Task goal: For the data below, retype word for word the lines from the one containing "Florianópolis, 20.8.2019 –" through the one containing "PINK-latteピンクラテ チェック ショート丈 シャツ Mサイズ ガールズ"; drop the pictures.

Records:

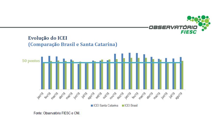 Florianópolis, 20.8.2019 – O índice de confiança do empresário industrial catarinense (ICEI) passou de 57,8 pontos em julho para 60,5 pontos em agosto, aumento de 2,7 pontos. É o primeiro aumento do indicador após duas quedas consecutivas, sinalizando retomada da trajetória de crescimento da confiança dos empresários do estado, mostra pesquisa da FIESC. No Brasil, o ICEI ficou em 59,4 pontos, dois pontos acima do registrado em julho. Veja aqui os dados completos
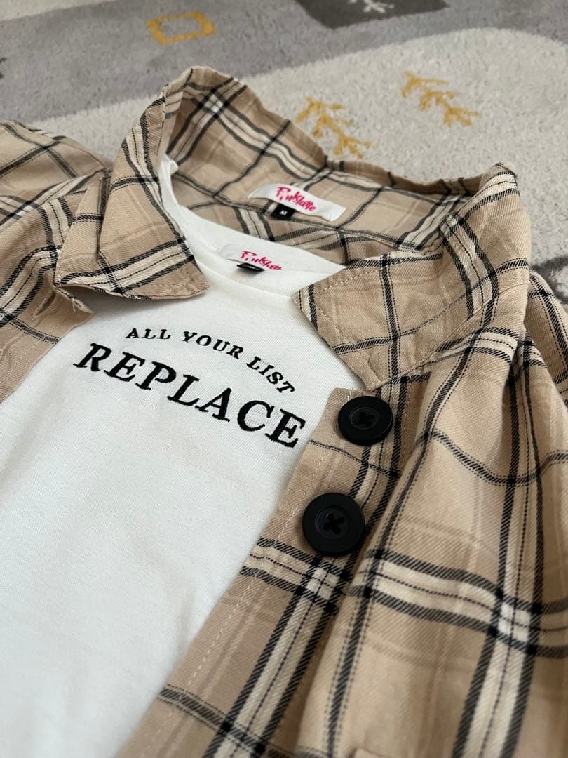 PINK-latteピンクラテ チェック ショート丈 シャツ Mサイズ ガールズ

...

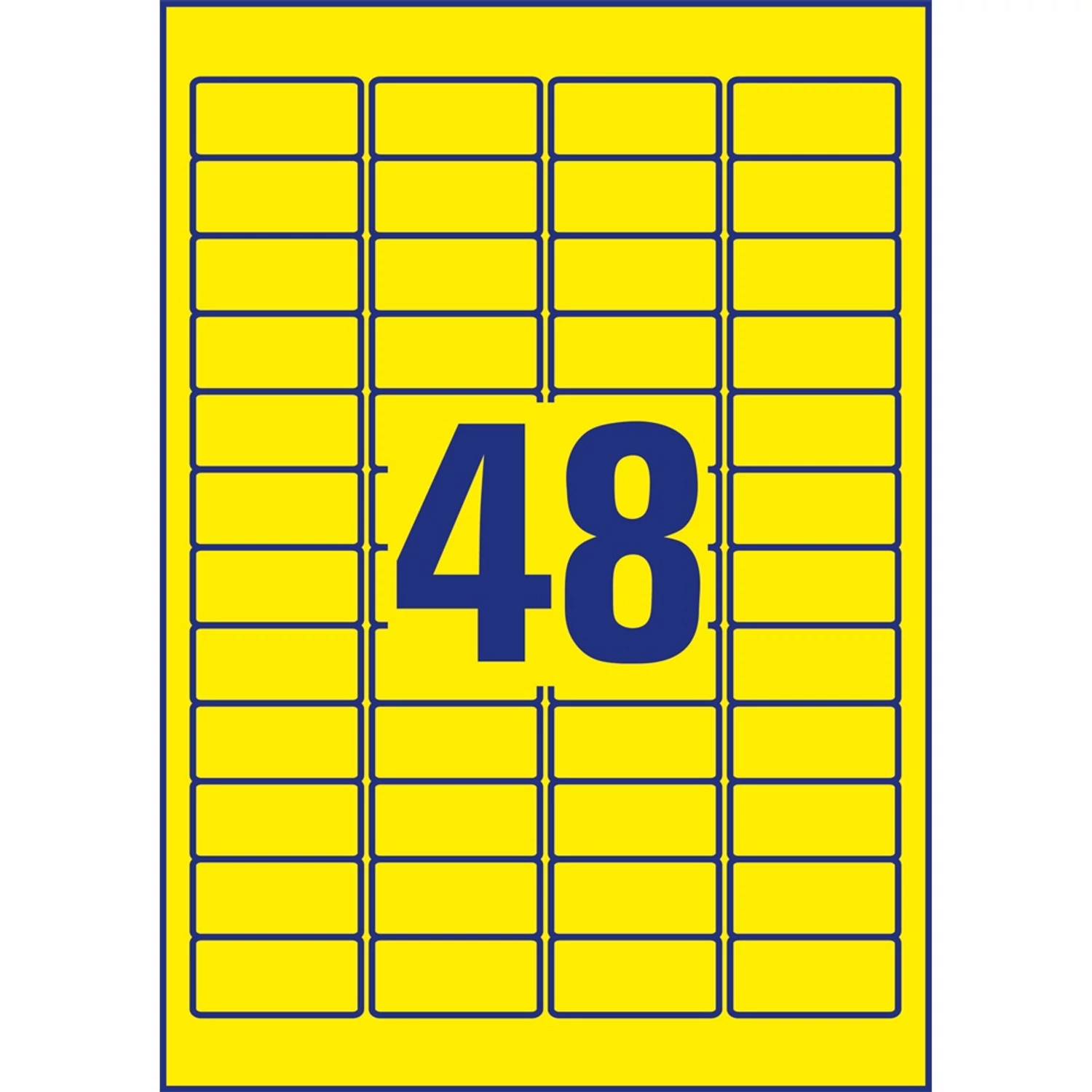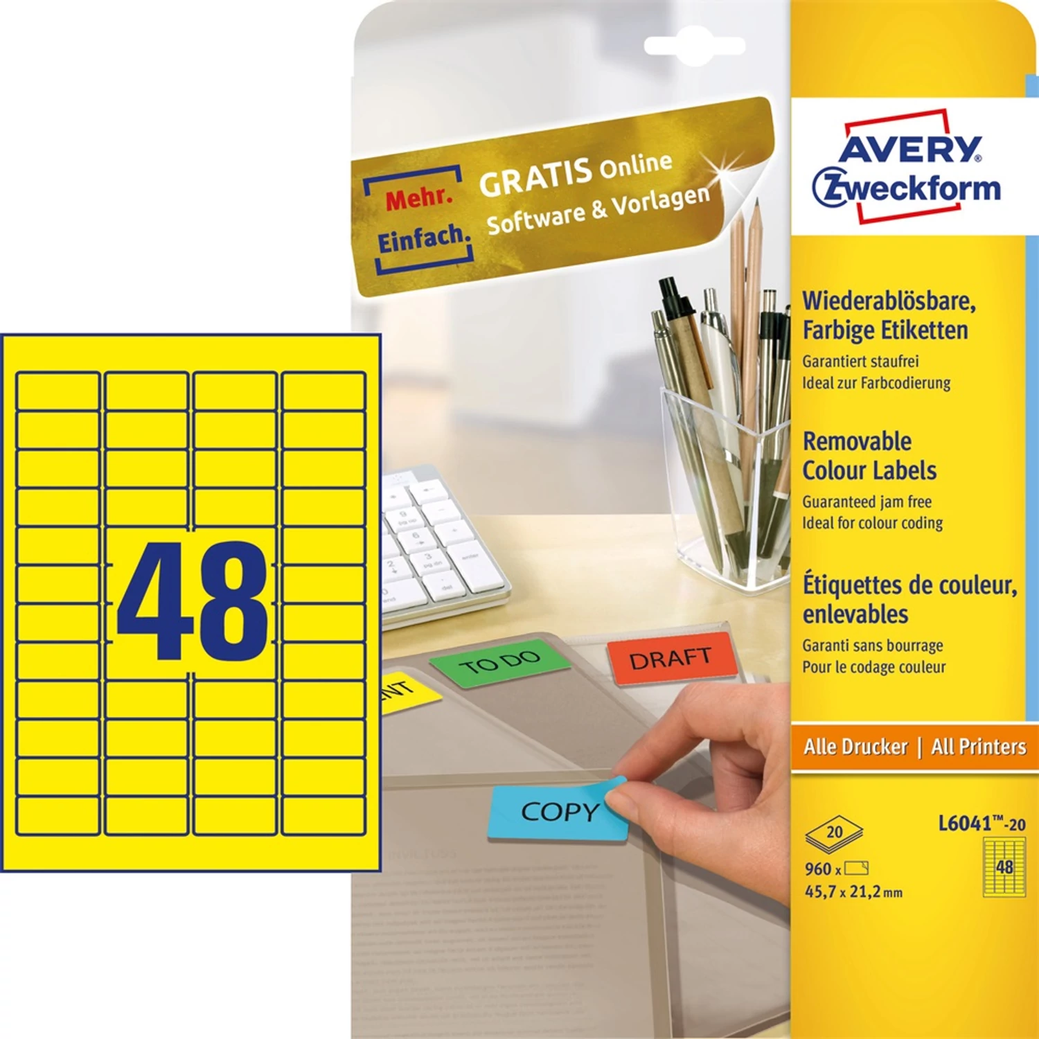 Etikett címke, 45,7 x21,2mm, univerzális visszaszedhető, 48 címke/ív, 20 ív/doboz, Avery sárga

---

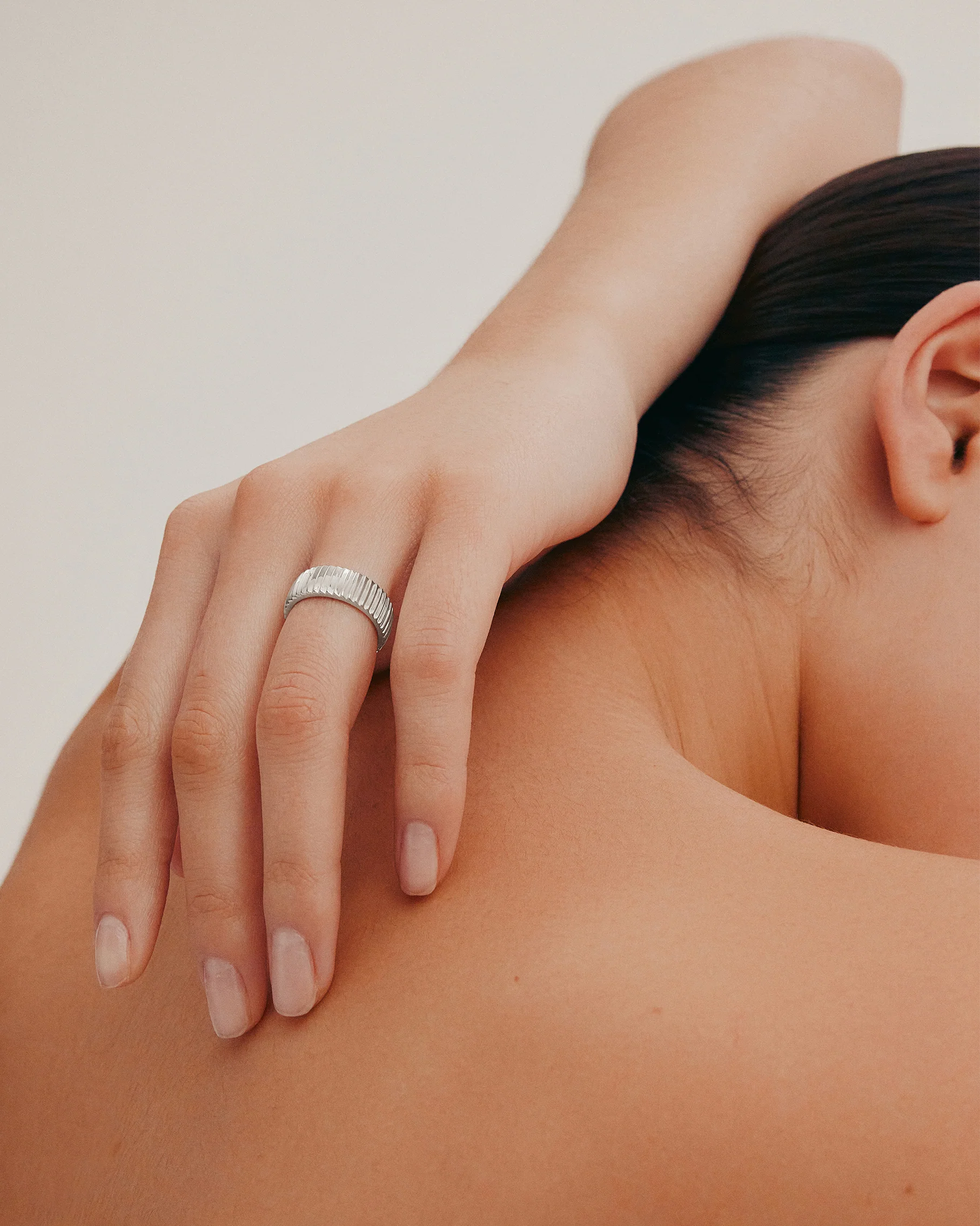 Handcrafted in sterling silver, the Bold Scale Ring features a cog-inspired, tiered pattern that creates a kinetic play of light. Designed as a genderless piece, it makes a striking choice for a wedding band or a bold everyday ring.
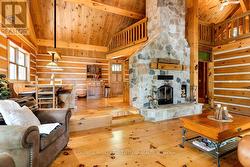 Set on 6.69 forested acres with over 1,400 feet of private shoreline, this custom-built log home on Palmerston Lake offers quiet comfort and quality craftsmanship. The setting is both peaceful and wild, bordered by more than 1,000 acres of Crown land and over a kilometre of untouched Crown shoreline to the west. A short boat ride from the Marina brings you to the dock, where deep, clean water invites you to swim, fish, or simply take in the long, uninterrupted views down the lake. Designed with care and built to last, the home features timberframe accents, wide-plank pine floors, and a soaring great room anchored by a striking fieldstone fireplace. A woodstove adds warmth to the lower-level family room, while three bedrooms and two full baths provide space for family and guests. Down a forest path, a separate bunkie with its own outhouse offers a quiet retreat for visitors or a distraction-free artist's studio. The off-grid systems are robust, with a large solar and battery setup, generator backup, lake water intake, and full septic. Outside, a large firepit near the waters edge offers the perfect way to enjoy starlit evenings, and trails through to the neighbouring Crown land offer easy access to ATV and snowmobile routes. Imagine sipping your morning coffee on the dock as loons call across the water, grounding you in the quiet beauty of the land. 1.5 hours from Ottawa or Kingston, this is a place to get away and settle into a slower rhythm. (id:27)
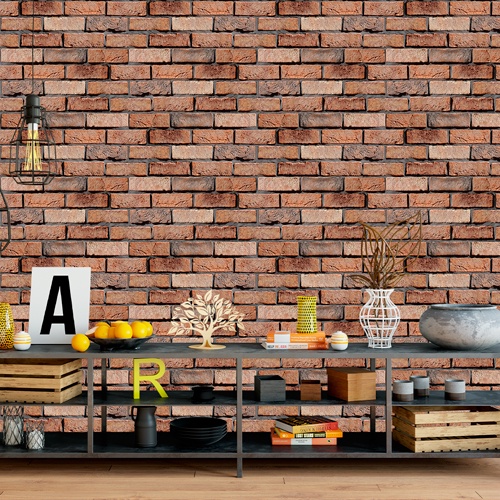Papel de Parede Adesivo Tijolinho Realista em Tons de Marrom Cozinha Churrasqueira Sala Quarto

Solution to the problem:
 Florianópolis, 20.8.2019 – O índice de confiança do empresário industrial catarinense (ICEI) passou de 57,8 pontos em julho para 60,5 pontos em agosto, aumento de 2,7 pontos. É o primeiro aumento do indicador após duas quedas consecutivas, sinalizando retomada da trajetória de crescimento da confiança dos empresários do estado, mostra pesquisa da FIESC. No Brasil, o ICEI ficou em 59,4 pontos, dois pontos acima do registrado em julho. Veja aqui os dados completos
 PINK-latteピンクラテ チェック ショート丈 シャツ Mサイズ ガールズ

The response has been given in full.